The vision really came full circle when taking a look at the Attorney General’s statement regarding Sephora. The misstep boils down to three areas where Sephora (and other investigated businesses) fell short:
- Notify consumers of all the ways in which personal data is “sold.”
- Offer means of opting out per the CCPA Regulations.
- Honor received opt-out requests in their various forms, including through browser signals.
All are closely linked to the original intent that started the CCPA and CPRA process: let consumers know what is going on and give them control over their data.
Why does the Sephora news matter to all of us?
“What we think is sensitive today could be different tomorrow.”
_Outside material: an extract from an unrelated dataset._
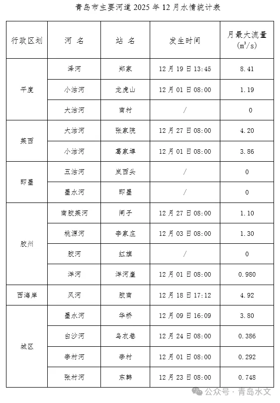 2026年1月1日8时,小沽河葛家埠水文站流量3.72立方米每秒,墨水河华桥水文站流量3.50立方米每秒,泽河郑家水文站流量2.55立方米每秒,大沽河张家院水文站流量2.20立方米每秒,其他主要河道流量较小或处于河干、断流状态。

What was clear from the webinar is that the fine is indicative of the changing privacy paradigm California businesses cannot ignore. The CCPA’s expansive definition of “sale”, the landmark of California’s regime, specifically includes the concept of anything of value. It’s evident that as we go deeper into the CPRA and (proposed) regulations, companies are expected to change their mindset around commonplace data-for-value exchanges.
Mindset shifts discussed included:
- Getting into the habit of looking more closely at their third-party SaaS relationships – including the contracts.
- Coming to grips with the volume, velocity, and variety of personal data popular analytics and targeted ad providers can collect.
- Noting how the information we think of as sensitive or not sensitive can change depending on context — so you have to think in a pro-privacy way.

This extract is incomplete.